» **Exercise directions**:
Only the pictures are to be dropped; return all other data below exactly.

» **Dataset extract**:
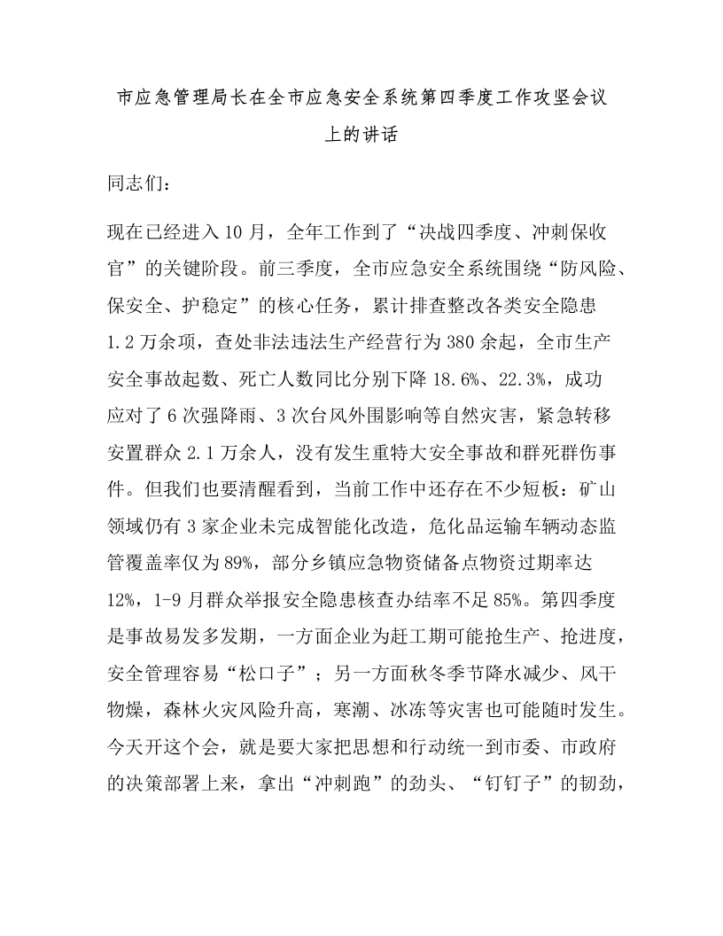 市应急管理局长在全市应急安全系统第四季度工作攻坚会议上的讲话
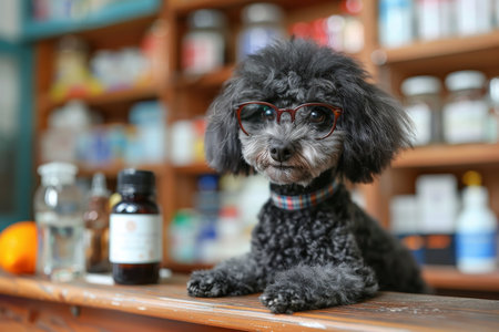 A black poodle wearing glasses sits on a wooden counter in front of a shelf of bottles. The dog appears to be looking at the camera, possibly curious about the contents of the bottles
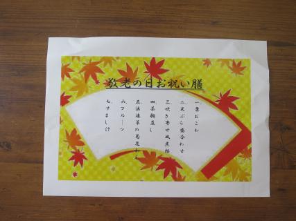 今年は9月16日(月)が敬老の日でした。厨房からは心を込めた「敬老の日御膳」でお祝いさせていただきました。
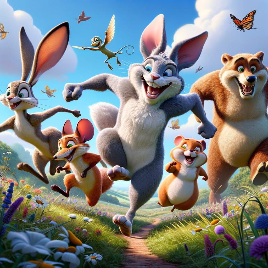 This vibrant image captures a playful array of anthropomorphic animals in a lush meadow, chasing each other under a sunny sky with wildflowers and butterflies adding to the cheerful atmosphere, reminiscent of classic animation with a unique twist

» **Response to this task**:
 市应急管理局长在全市应急安全系统第四季度工作攻坚会议上的讲话
 A black poodle wearing glasses sits on a wooden counter in front of a shelf of bottles. The dog appears to be looking at the camera, possibly curious about the contents of the bottles
 今年は9月16日(月)が敬老の日でした。厨房からは心を込めた「敬老の日御膳」でお祝いさせていただきました。
 This vibrant image captures a playful array of anthropomorphic animals in a lush meadow, chasing each other under a sunny sky with wildflowers and butterflies adding to the cheerful atmosphere, reminiscent of classic animation with a unique twist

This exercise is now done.